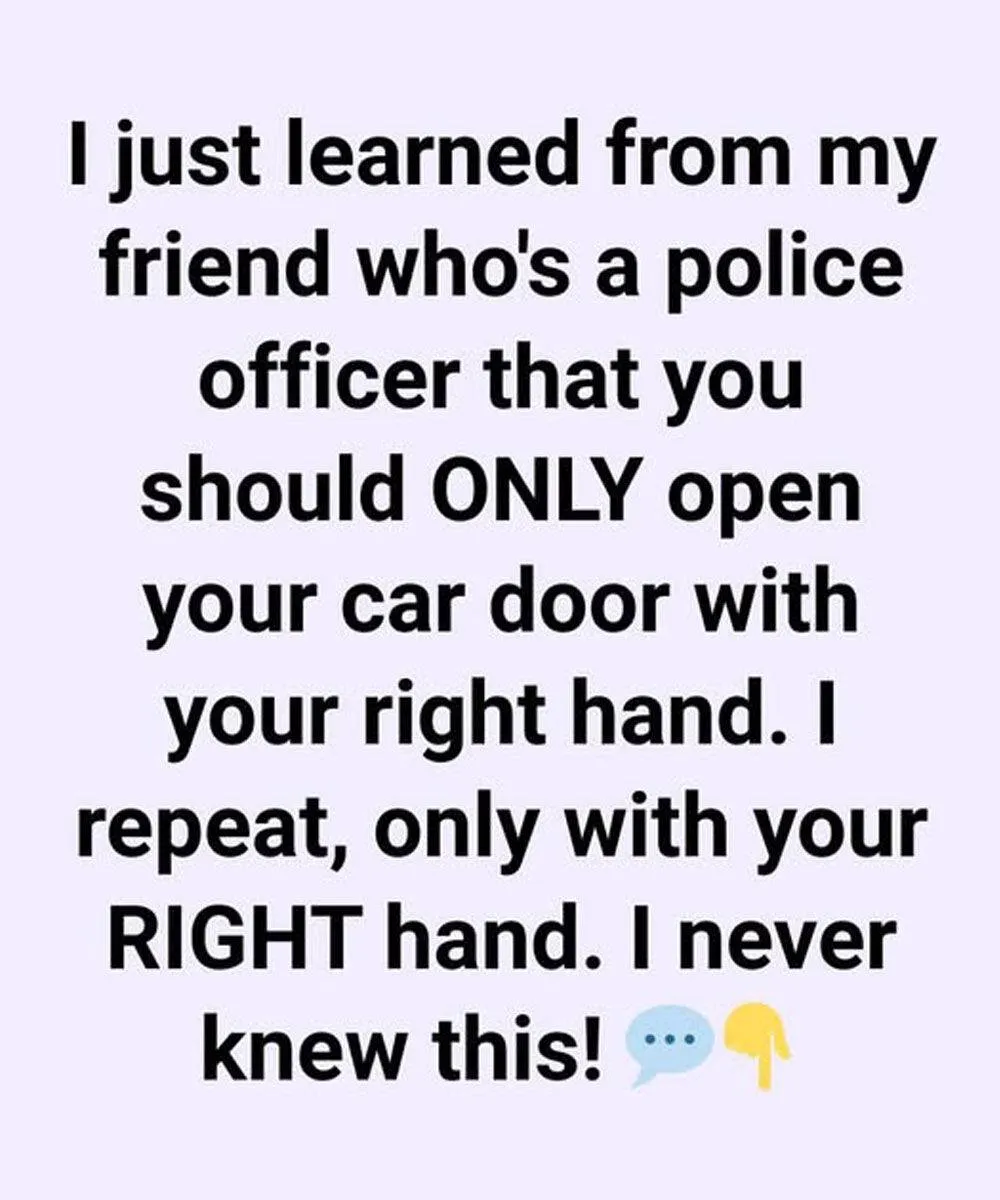 I never used to think twice about how I opened my door, but now it’s a ritual—one that reminds me that safety often begins with the smallest, quietest choices. Reach with your right, and you just might save a life.
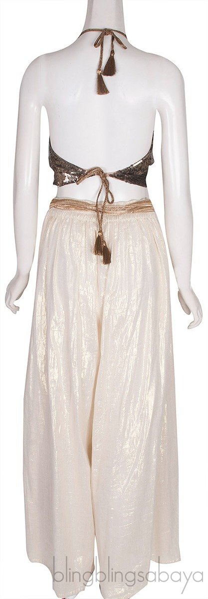 Metallic Wide Leg Trouser is crafted from 50% Cotton and 50% Lurex in white gold mettalix featuring an elastic waistine, wide leg with long slit in both sides, and gold detachable belt.
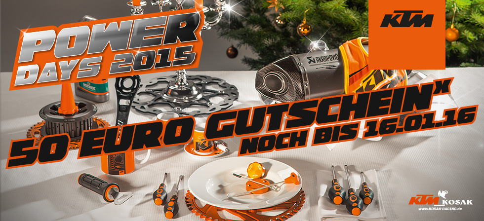 Hol dir jetzt noch deinen 50€ KTM Gutschein für KTM Powerwear und KTM Powerparts. Der Gutschein ist noch bis 14.01.17gültig! Bitte Gutschein herunterladen und ausgedruckt mitbringen!
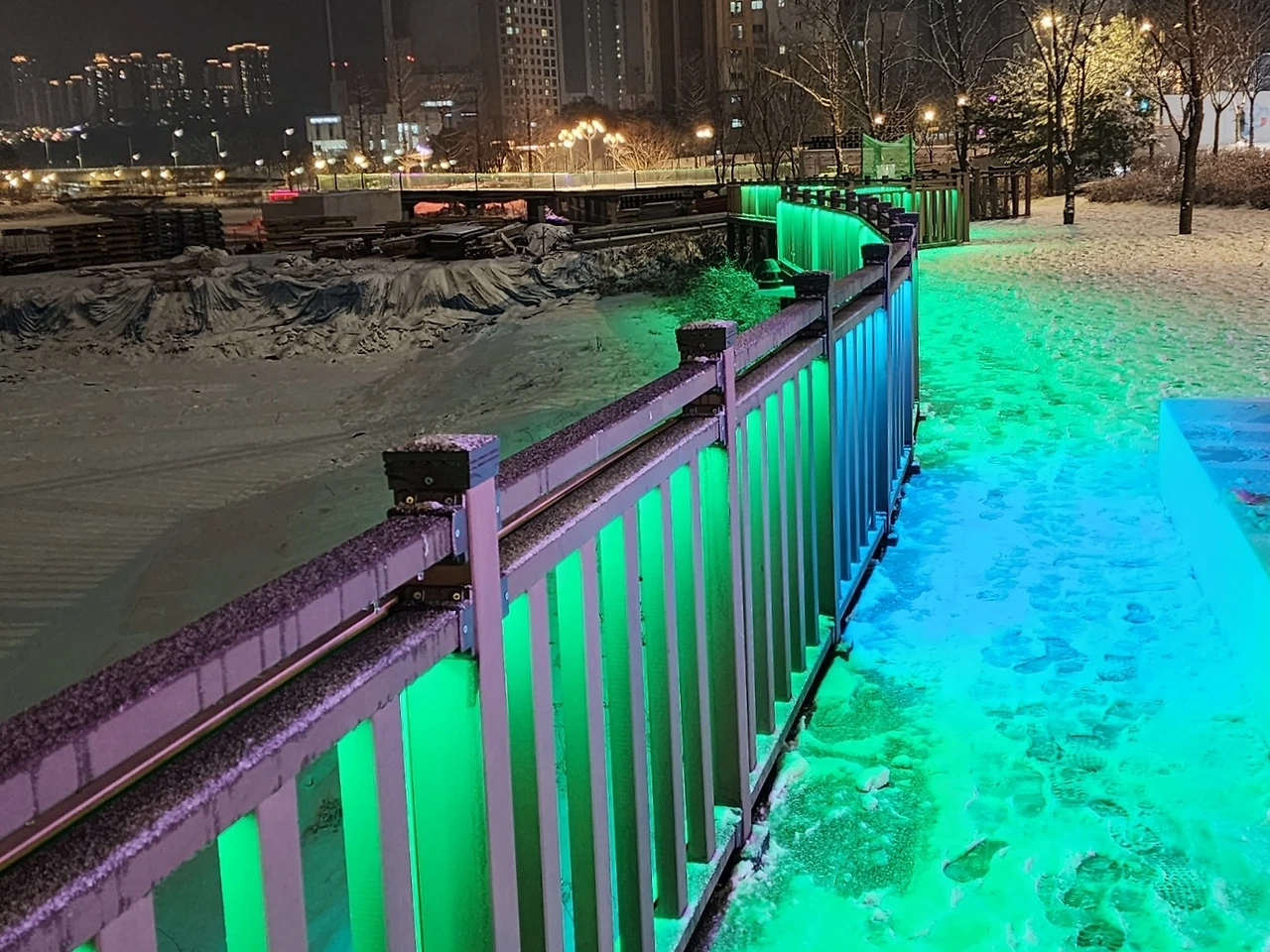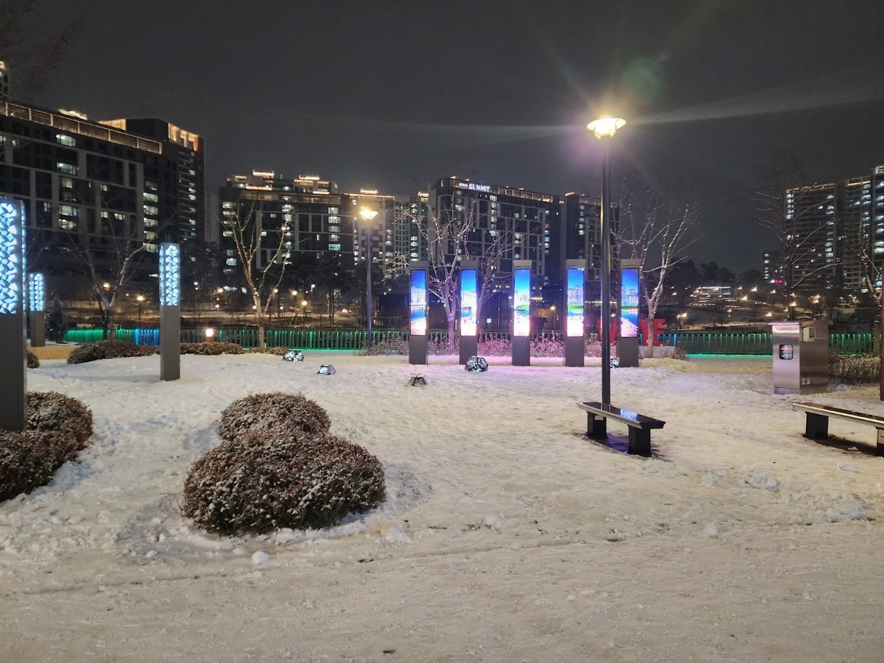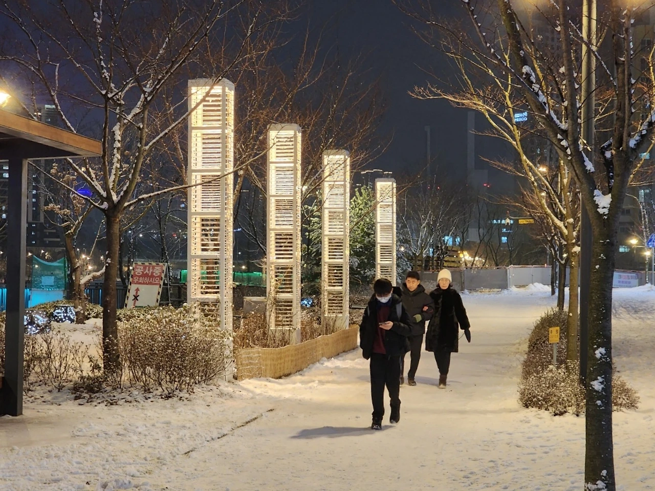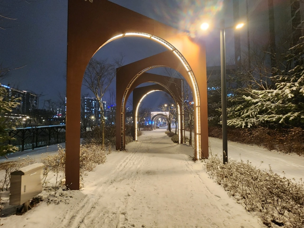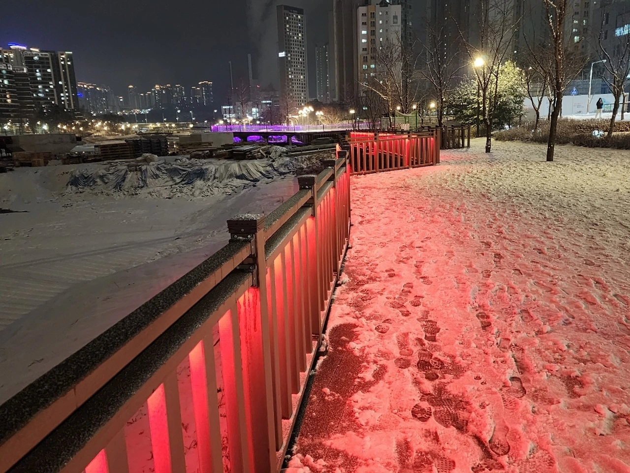 눈 위에 또렷이 새겨지는 발자국과 눈이 내리는 하얀 밤을 새기듯 밝히는 가로등 불빛을 타고 하염없이 눈이 내린다. 내리는 눈, 눈, 눈은 여전히 어둠 속에서 더욱 고혹적으로 빛을 밝힌다. 가로등 불빛을 타고 내리는 눈의 향연과 이 모두를 담은 설경을 한눈에 볼 수 있는 하얀 밤을 열며 위례의 네온 등이 순간 다채롭게 켜진다.

Work order – Retype the data above verbatim, minus images.

Answer below –
 I never used to think twice about how I opened my door, but now it’s a ritual—one that reminds me that safety often begins with the smallest, quietest choices. Reach with your right, and you just might save a life.
 Metallic Wide Leg Trouser is crafted from 50% Cotton and 50% Lurex in white gold mettalix featuring an elastic waistine, wide leg with long slit in both sides, and gold detachable belt.
 Hol dir jetzt noch deinen 50€ KTM Gutschein für KTM Powerwear und KTM Powerparts. Der Gutschein ist noch bis 14.01.17gültig! Bitte Gutschein herunterladen und ausgedruckt mitbringen!
 눈 위에 또렷이 새겨지는 발자국과 눈이 내리는 하얀 밤을 새기듯 밝히는 가로등 불빛을 타고 하염없이 눈이 내린다. 내리는 눈, 눈, 눈은 여전히 어둠 속에서 더욱 고혹적으로 빛을 밝힌다. 가로등 불빛을 타고 내리는 눈의 향연과 이 모두를 담은 설경을 한눈에 볼 수 있는 하얀 밤을 열며 위례의 네온 등이 순간 다채롭게 켜진다.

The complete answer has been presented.